Of course all of this was going on while I was at work. Adam called me, conferenced in the vet tech. I had to go out to my car for awhile to talk things through with Adam. While Adam called the vet back to tell them our choice about Ted I went and told my boss what was going on and that I needed to leave for the day.

We didn't go to see them. By the time I got home they were probably both gone anyway. And I didn't want to see them like that, really. We got Adam's dad to pick up our carriers and the blankets we'd left with them overnight. Neither of us could imagine going back to the vet's office yet.

It's been rough. I miss them. They might have been categorized as "feral" by the vet, but they were our cats and very much ingrained into our daily lives. I miss Ted hanging out with me in the bathroom. I miss Connor walking in front of my face while I'm trying to type on the computer. I miss Ted being my neckwarmer/pillow while I watch Molto Mario while eating breakfast. I miss seeing Connor conked out on the mouse pillow.
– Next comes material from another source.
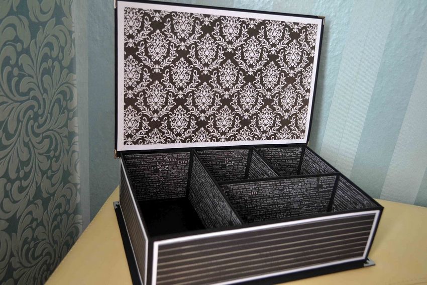 Recouvrez la grande boîte de papier. Faites de même avec les petites boîtes. Placez ensuite toutes les petites boîtes au bas de la grande boîte et collez-les ensemble. Ajoutez des décorations supplémentaires avec des rubans ou des strass.

We were also worried about JC. He'd never been in the house without these other two around. The first night they were gone he seemed to mope a little. We jumped the gun a little and actually brought a kitten home on Thursday but neither JC nor Carly were having any of that so it went back the next morning. We felt bad about that - it was an awesome kitten, but it wasn't right for our existing cats. JC seems to be dealing with it pretty well. We're wondering if maybe we overestimated how close he really was to Ted and Connor. I know those two were best buddies, and maybe JC was just on the periphery of that. He's eating, sleeping in the bed with us, playing. So unless he starts to get bored or looks like he wants another cat around, we're going to stay with just the two.

These things keep circling in my brain:

1) Is this whole thing our fault because we didn't take them to the vet regularly? If we had gone before now could we have prevented this? This is what's really killing me... the guilt of not knowing if all this was present before we even got them.

2) I hope we made our decision for the right reasons. I'd hate to think we did this because of the money. We had no idea things were so bad - we didn't know they were in pain, though they almost certainly were. I take some comfort in the fact that the vet said she would have done the same thing if they were her cats.

3) I'm so mad at myself for not saying a proper goodbye to either of them at the vet's office. When we left them there overnight I stayed out in the lobby with JC while Adam the the vet tech took the other two back to the kennel area. It really never occured to me that I'd never see them again. They were taken there to get rabies shots for goodness sake!

4) I hope Ted and Connor were happy for the four years they were with us. Who knows what kind of life they lead before they came to us. All I can wish is that they felt loved and safe while in our house.

5) I'm kind of glad that if it had to be one, it had to be both. I don't think they'd have wanted to be apart. They were such good cuddle buddies.